В это время со стороны острога, покрыв треск горящих брёвен и рёв сотни мужских глоток, прилетел пронзительный и долгий свист. Кострома разом погасил ухмылку, встрепенулся:
– Пора, крещёные. Прощайтесь.
Все разом поднялись. Из кухни прибежала Меланья, и они крепко обнялись с Устиньей.
– Устька, я вам там и сухарей… и сольцы… и крупки… Котелок махонький, но справный, долго послужит… Ох ты, матыньки, да ты хоть весточку подай, когда доберётесь!
Братья Силины встали, переглянулись. Шагнув к Лазареву, поклонились было в землю, но инженер, сердитой гримасой отменив поклоны, поочерёдно облапил сначала Антипа, потом – Ефима.
– Что ж, мужики, – прощайте! Даст Бог, всё будет хорошо! Антип, для меня было честью с тобой работать. Ефим, а ты свой норов бешеный всё-таки придерживай иногда! Впрочем, тут не мне тебя судить… сам грешен. Обнимемся лучше!
– Эх, Василь Петрович… – Ефим крепко стиснул плечи Лазарева. – Всем бы Господь таково начальство посылал – на земле давно б рай начался!
– А с хмельным вы всё же аккуратность наблюдайте! – сурово напомнил Антип. – Ведь сколько вовсе людей добрых через это пропадает! И Малашка вас бросит, коль сопьётесь!
– И нипочём, Антип Прокопьич! – серьёзно возразила Меланья. – До гробовой доски я поклялась! Коли хмельным грешить станет – стало быть, крест мой таков… а от слова я не отказница!
Лазарев покраснел, неловко усмехнулся. Хотел было сказать что-то, но, взглянув на стоящего рядом Иверзнева, который молча, безотрывно смотрел на Устинью, не смог выговорить ни слова. «Да ведь Миша влюблён в неё!» – вдруг отчётливо и ясно понял он. – «Влюблён, это видно… как можно было сразу не догадаться?»
– Что же, Устя… вот, стало быть, и всё? – ровным голосом спросил Иверзнев. – Мы, верно, не увидимся с тобою больше никогда?
– Господь милостив, Михайла Николаевич. – по бледному лицу Устиньи бежали слёзы. – И слов у меня недостанет отблагодарить вас за всё. Что грамоте выучили… что научили всему… что… Ох, да что ж говорить-то! Я вам тетрадию свою на столе оставила. Мне ни к чему, всё в голове и так есть, да и тяжесть лишняя в пути будет, – а вам сгодится. Пошли вам Господь… Недолго уж осталось. Через год в Москву воротитесь, вот тогда и… – не договорив, она тихо, чуть слышно расплакалась в пригоршню. Иверзнев шагнул было к ней – но, наткнувшись на недобрый, тяжёлый взгляд Ефима, остановился. Взял мокрую от слёз руку женщины, бережно поцеловал её. Хрипло сказал:
– Я никуда не поеду отсюда, пока не получу весточки от те… от вас. Помни это. А теперь – с богом!

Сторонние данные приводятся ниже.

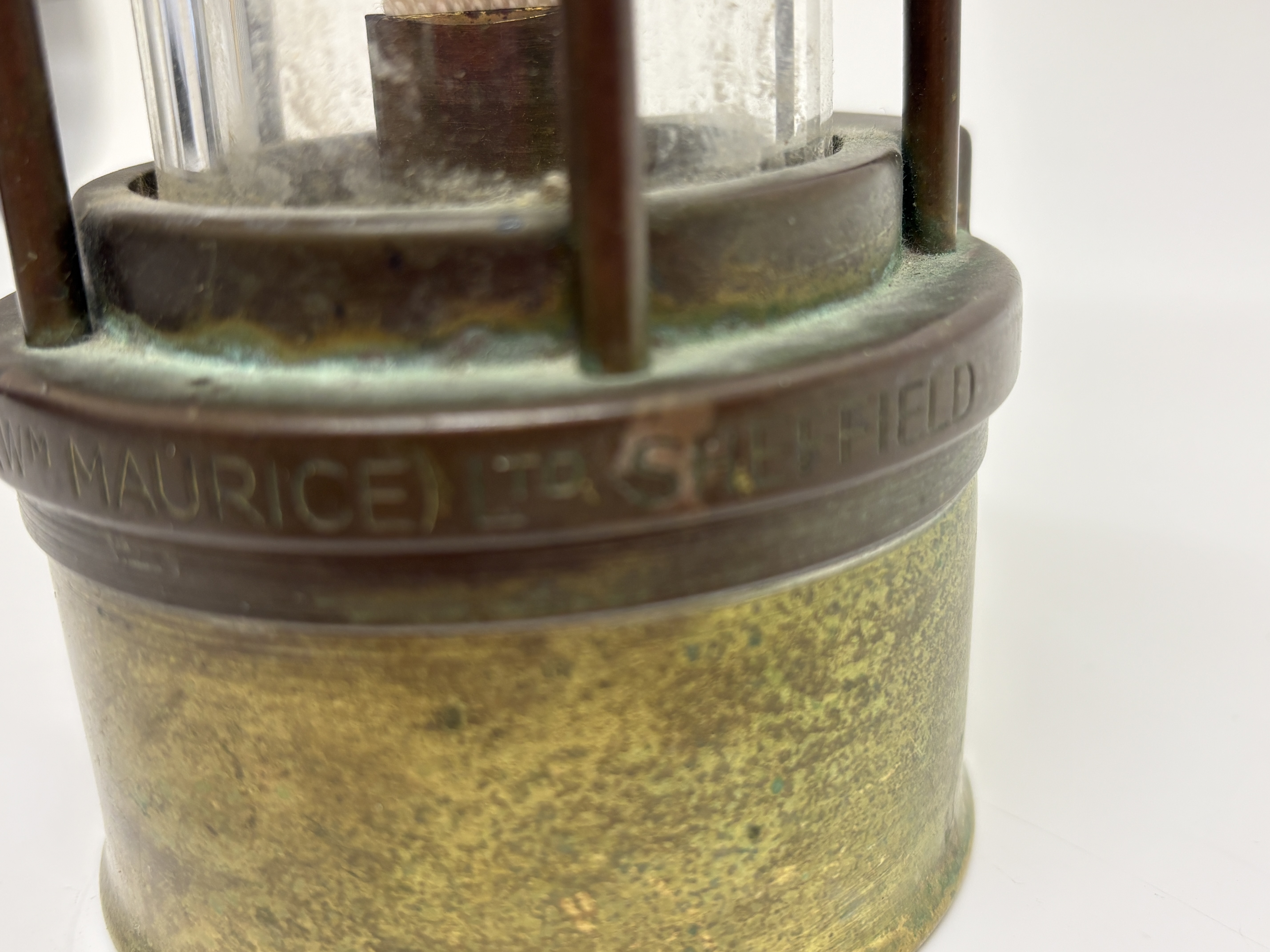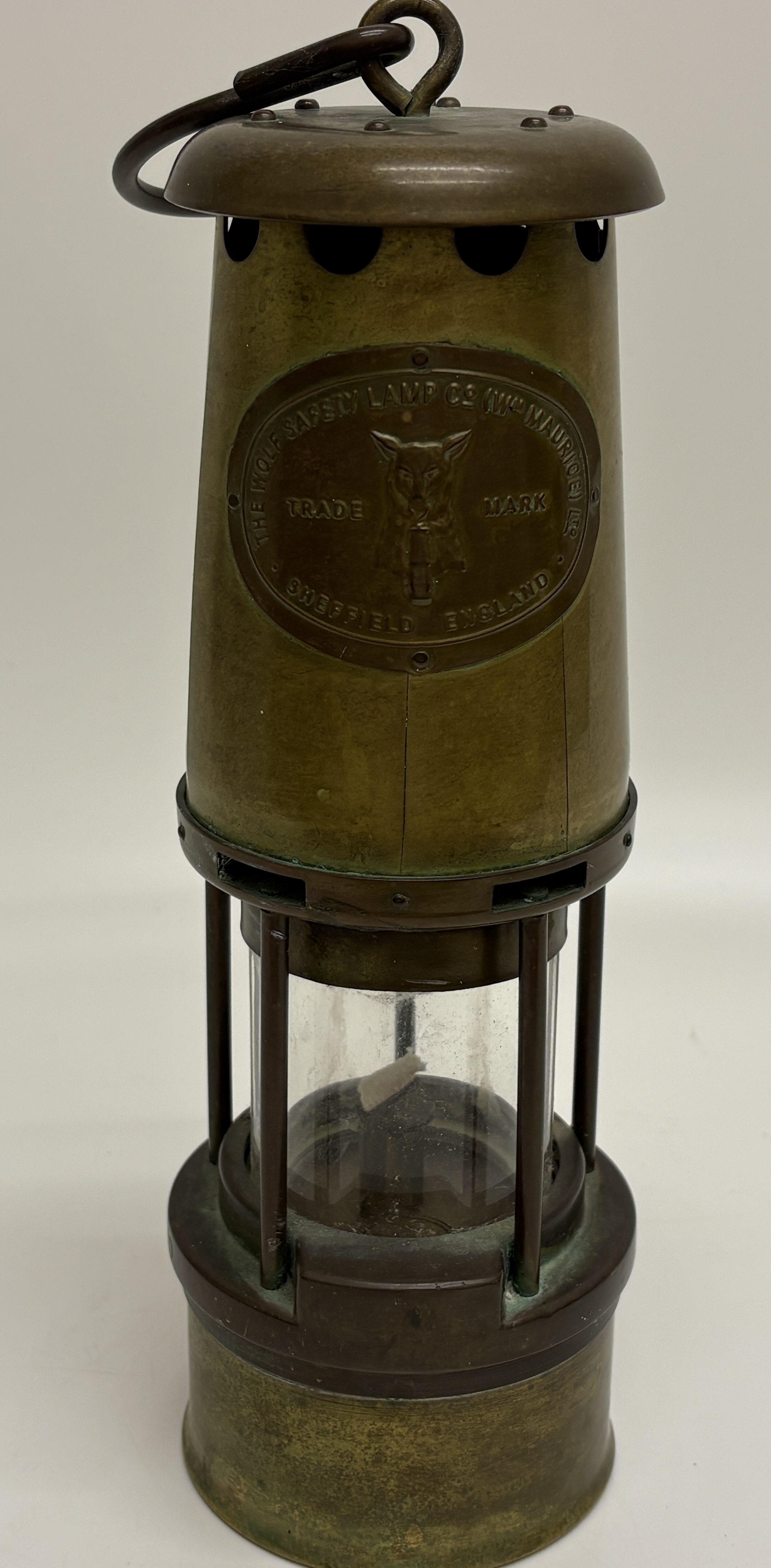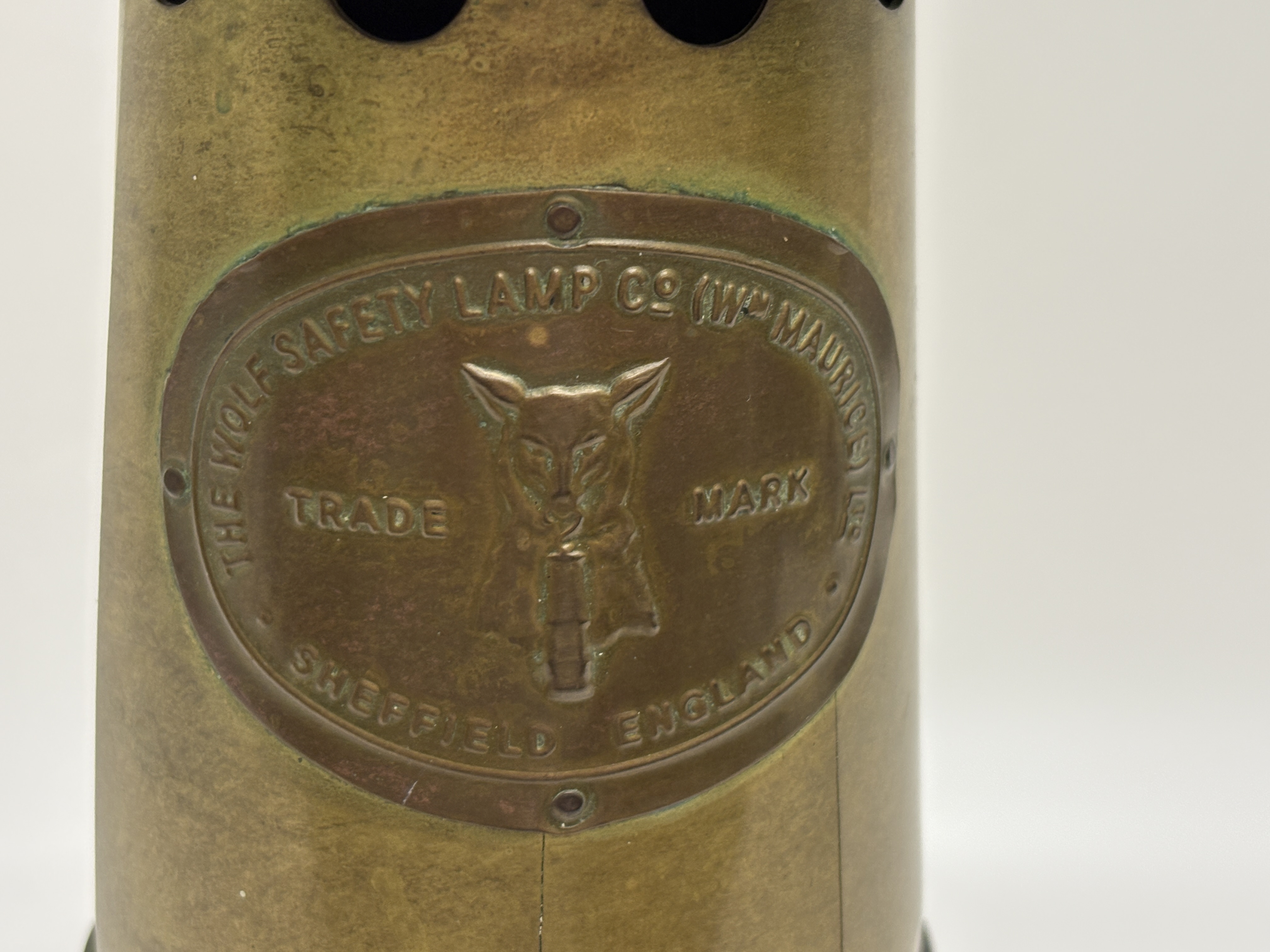 A classic brass and copper-alloy flame safety lamp manufactured by The Wolf Safety Lamp Co. (Wm. Maurice) Ltd. of Sheffield, England. This professional-grade instrument was historically employed in the mining industry for illumination and the detection of firedamp (methane). The lamp features a tapered upper bonnet with peripheral ventilation holes, a four-rod protective cage, and a heavy-gauge cylindrical glass chimney. A prominent oval copper-toned plaque is riveted to the chimney, featuring the company’s signature wolf’s head trade mark and inscribed “THE WOLF SAFETY LAMP CO (WM MAURICE) LTD SHEFFIELD ENGLAND”. The mid-section locking ring is further embossed with the manufacturer’s details. The unit is equipped with a robust, articulated iron hanging hook and ring for suspension. The lower section comprises a threaded fuel reservoir with an underside knurled adjustment screw for the internal wick. No case is present.

У высоких заводских ворот – никого. На толстых, в обхват, кольях плясали рыжие отсветы пожара. Шесть теней неслышно проскользнули к чуть заметной калитке. Сразу же рядом выросла бесформенная фигура солдата.
– Кострома?
– Кузьмич?
– Ну, слава те, Богородица… Уж, думал, не дождуся! Живо давайте, крещёные, покуда начальство не очуялось… Устя Даниловна, и вот кто ж мне теперь прострел-то лечить станет?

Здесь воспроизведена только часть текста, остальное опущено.